(EXTRACTED DATA Opens)
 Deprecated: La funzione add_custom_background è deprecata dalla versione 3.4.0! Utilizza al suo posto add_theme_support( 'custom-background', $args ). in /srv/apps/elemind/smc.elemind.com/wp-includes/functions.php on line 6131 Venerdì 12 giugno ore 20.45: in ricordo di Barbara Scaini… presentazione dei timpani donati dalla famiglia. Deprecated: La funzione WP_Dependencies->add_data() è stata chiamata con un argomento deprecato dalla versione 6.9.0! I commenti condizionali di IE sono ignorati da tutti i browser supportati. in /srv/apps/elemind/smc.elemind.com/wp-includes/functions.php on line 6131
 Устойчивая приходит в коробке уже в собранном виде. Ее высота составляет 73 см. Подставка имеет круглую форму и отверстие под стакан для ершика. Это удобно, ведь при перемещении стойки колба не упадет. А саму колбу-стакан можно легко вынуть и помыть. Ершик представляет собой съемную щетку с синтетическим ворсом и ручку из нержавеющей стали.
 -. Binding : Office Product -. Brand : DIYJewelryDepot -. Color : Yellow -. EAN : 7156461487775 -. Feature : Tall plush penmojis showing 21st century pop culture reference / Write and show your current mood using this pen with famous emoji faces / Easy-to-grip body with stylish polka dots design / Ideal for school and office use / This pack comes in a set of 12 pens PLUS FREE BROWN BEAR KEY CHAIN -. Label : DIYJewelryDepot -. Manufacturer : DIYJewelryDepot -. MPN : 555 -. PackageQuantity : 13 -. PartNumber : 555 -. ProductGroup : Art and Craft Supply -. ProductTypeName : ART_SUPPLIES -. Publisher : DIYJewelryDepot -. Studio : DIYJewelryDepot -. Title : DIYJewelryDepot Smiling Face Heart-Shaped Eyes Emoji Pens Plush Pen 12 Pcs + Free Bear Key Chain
(EXTRACTED DATA Closes)
(EXTRACTED DATA Opens)
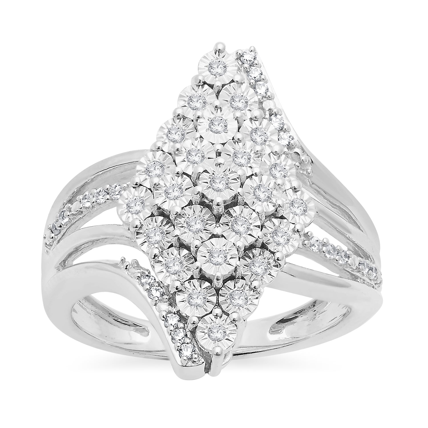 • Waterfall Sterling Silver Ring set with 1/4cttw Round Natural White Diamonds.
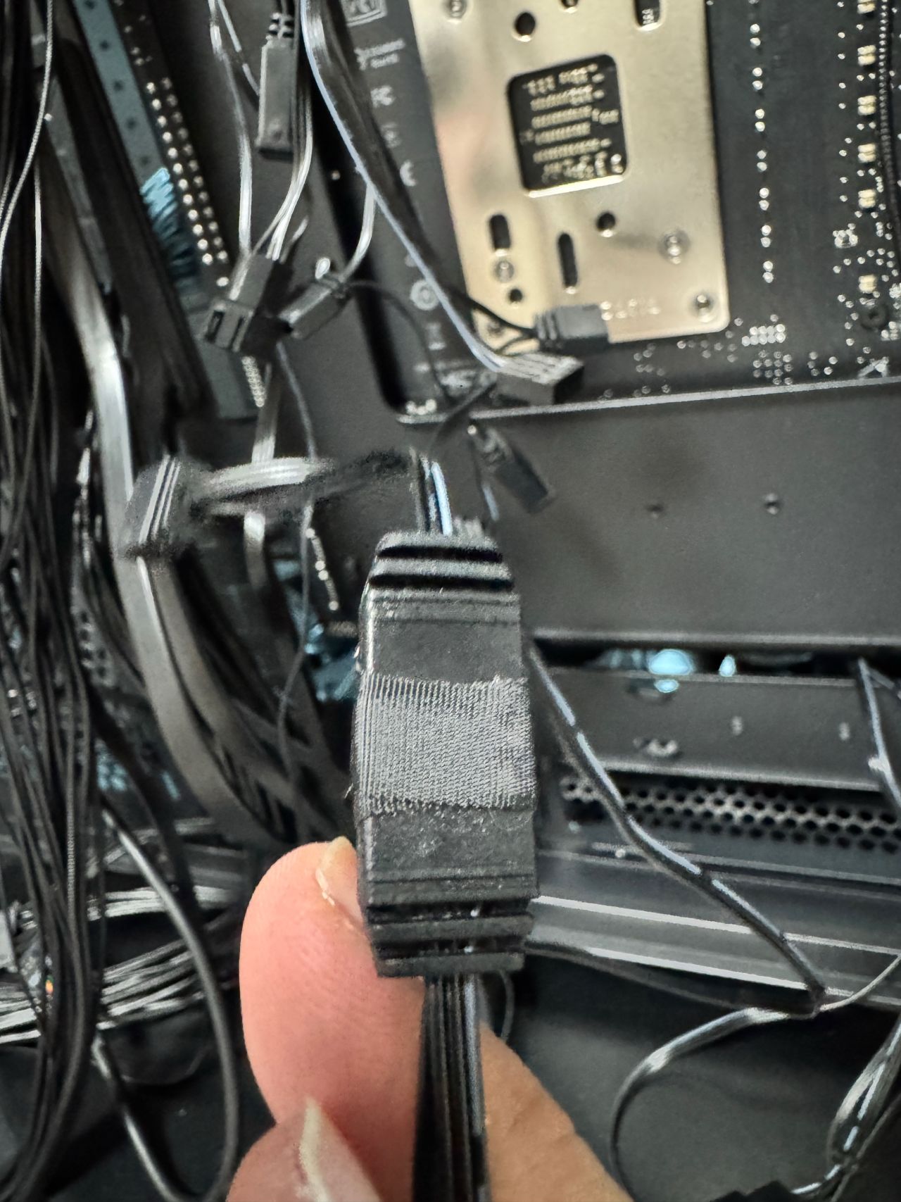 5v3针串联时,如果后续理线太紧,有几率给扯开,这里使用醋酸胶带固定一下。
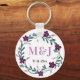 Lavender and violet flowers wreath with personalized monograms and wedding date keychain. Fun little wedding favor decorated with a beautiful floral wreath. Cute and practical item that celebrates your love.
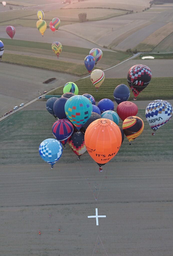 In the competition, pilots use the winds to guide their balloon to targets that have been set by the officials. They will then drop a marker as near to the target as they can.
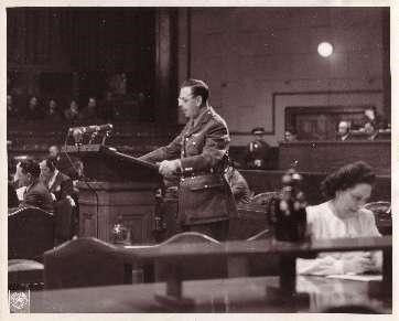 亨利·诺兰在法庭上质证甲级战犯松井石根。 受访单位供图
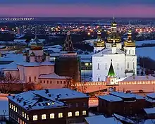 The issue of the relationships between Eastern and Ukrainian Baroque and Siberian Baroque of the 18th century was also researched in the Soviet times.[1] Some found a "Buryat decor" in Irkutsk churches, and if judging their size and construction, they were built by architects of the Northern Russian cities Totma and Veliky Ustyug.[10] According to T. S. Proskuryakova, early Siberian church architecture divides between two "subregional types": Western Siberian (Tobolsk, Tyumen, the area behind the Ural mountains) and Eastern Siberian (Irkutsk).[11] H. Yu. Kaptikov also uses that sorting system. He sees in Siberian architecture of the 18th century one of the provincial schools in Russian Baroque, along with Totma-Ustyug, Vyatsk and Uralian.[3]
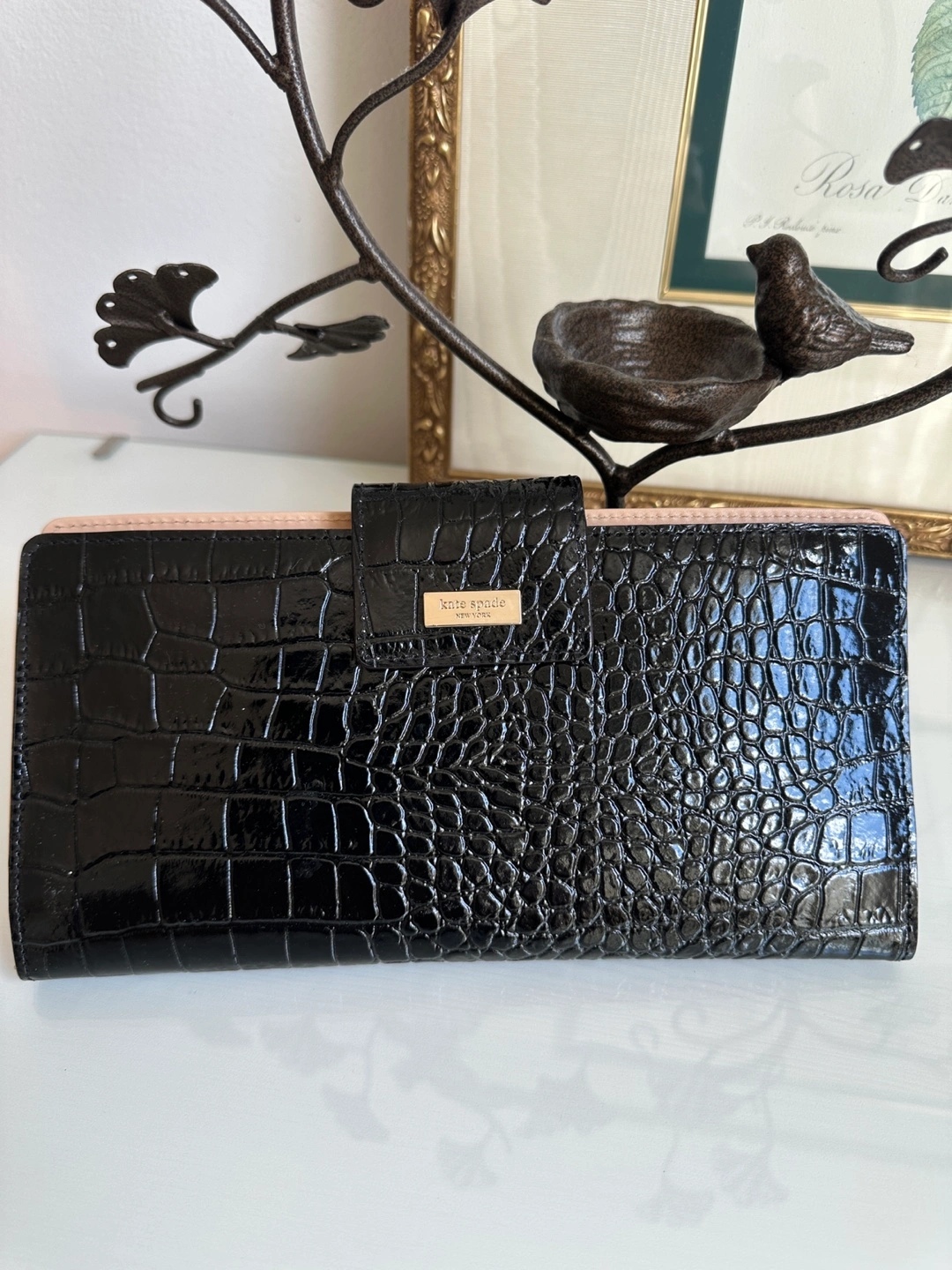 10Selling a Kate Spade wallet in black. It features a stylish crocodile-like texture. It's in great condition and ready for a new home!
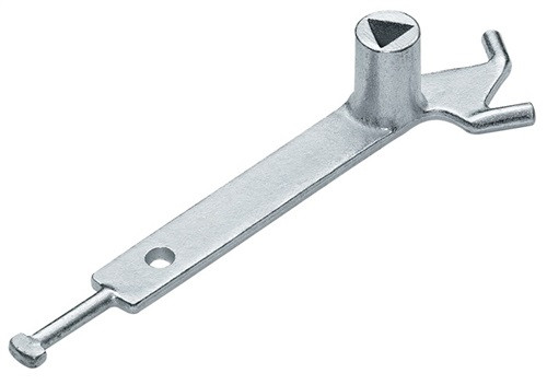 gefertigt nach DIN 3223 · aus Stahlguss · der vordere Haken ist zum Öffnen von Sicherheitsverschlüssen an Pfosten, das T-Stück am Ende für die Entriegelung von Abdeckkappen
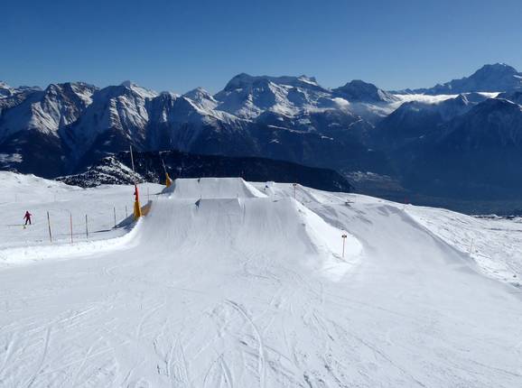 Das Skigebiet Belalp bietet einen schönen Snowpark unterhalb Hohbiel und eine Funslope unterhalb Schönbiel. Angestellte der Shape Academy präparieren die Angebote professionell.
(EXTRACTED DATA Closes)
(EXTRACTED DATA Opens)
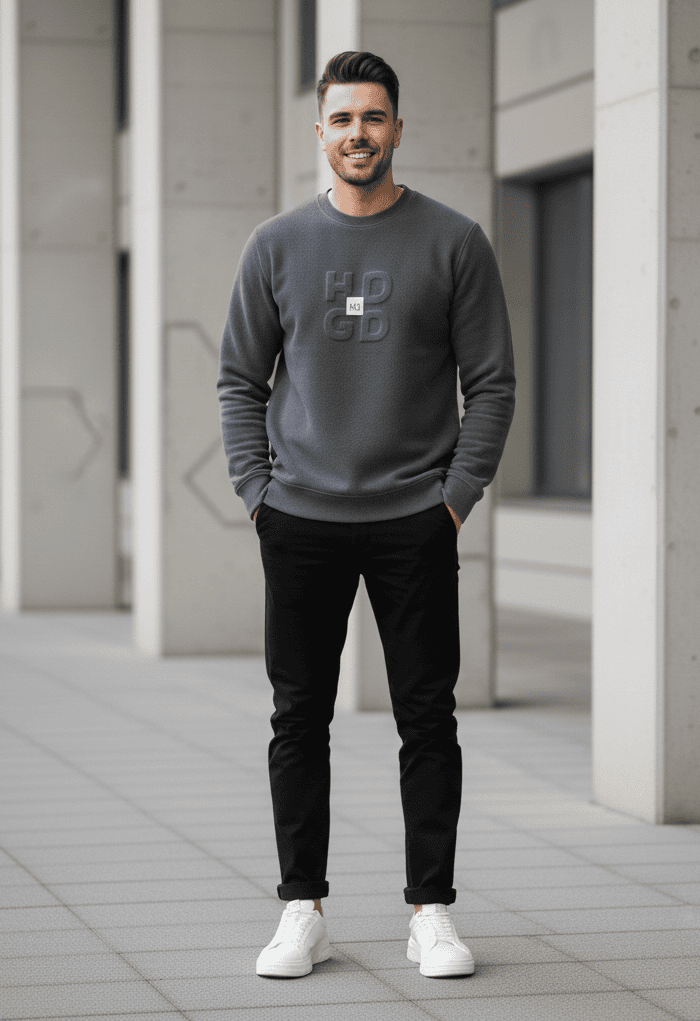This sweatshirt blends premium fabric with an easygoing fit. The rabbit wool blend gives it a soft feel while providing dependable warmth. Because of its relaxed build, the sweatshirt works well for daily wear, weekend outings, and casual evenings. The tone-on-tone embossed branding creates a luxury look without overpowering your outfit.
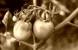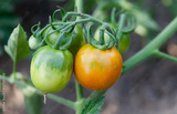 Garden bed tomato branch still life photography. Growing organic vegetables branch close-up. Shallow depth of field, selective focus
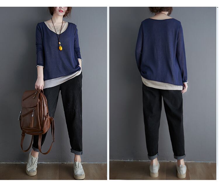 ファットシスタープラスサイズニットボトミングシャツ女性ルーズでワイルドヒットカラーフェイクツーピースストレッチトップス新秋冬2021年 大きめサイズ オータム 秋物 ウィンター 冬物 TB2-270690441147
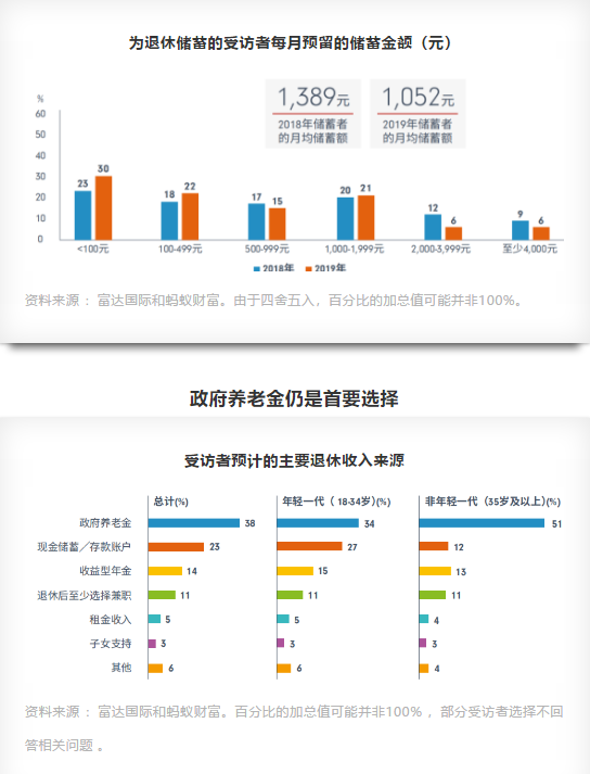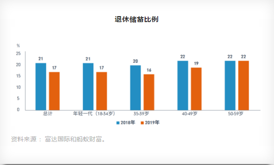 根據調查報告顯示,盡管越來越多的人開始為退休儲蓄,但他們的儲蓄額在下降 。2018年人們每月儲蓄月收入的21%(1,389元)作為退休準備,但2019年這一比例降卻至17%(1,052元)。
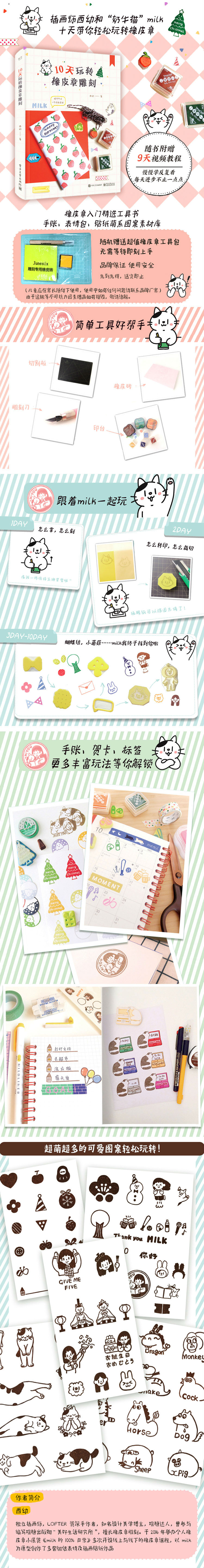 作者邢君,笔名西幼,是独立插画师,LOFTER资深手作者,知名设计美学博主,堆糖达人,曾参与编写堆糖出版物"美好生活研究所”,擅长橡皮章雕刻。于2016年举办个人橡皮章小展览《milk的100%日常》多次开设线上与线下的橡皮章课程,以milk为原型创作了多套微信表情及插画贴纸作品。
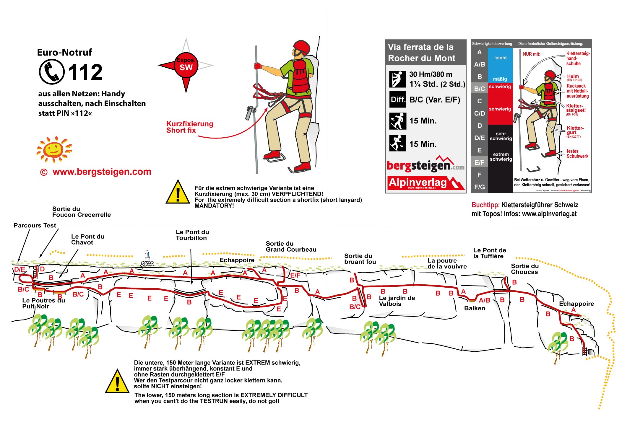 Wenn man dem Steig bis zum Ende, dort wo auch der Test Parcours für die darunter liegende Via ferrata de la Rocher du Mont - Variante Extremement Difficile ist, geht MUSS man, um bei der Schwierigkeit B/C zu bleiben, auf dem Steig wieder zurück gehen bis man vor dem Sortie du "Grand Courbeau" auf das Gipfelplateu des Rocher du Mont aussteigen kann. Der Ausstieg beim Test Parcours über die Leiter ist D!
(EXTRACTED DATA Closes)
THE PROBLEM. Every line from the one with "根據調查報告顯示,盡管越來越" through the one with "Wenn man dem" is to be reproduced exactly as written above, and the pictures are to be dropped.

ANSWER BOX.
 根據調查報告顯示,盡管越來越多的人開始為退休儲蓄,但他們的儲蓄額在下降 。2018年人們每月儲蓄月收入的21%(1,389元)作為退休準備,但2019年這一比例降卻至17%(1,052元)。
 作者邢君,笔名西幼,是独立插画师,LOFTER资深手作者,知名设计美学博主,堆糖达人,曾参与编写堆糖出版物"美好生活研究所”,擅长橡皮章雕刻。于2016年举办个人橡皮章小展览《milk的100%日常》多次开设线上与线下的橡皮章课程,以milk为原型创作了多套微信表情及插画贴纸作品。
 Wenn man dem Steig bis zum Ende, dort wo auch der Test Parcours für die darunter liegende Via ferrata de la Rocher du Mont - Variante Extremement Difficile ist, geht MUSS man, um bei der Schwierigkeit B/C zu bleiben, auf dem Steig wieder zurück gehen bis man vor dem Sortie du "Grand Courbeau" auf das Gipfelplateu des Rocher du Mont aussteigen kann. Der Ausstieg beim Test Parcours über die Leiter ist D!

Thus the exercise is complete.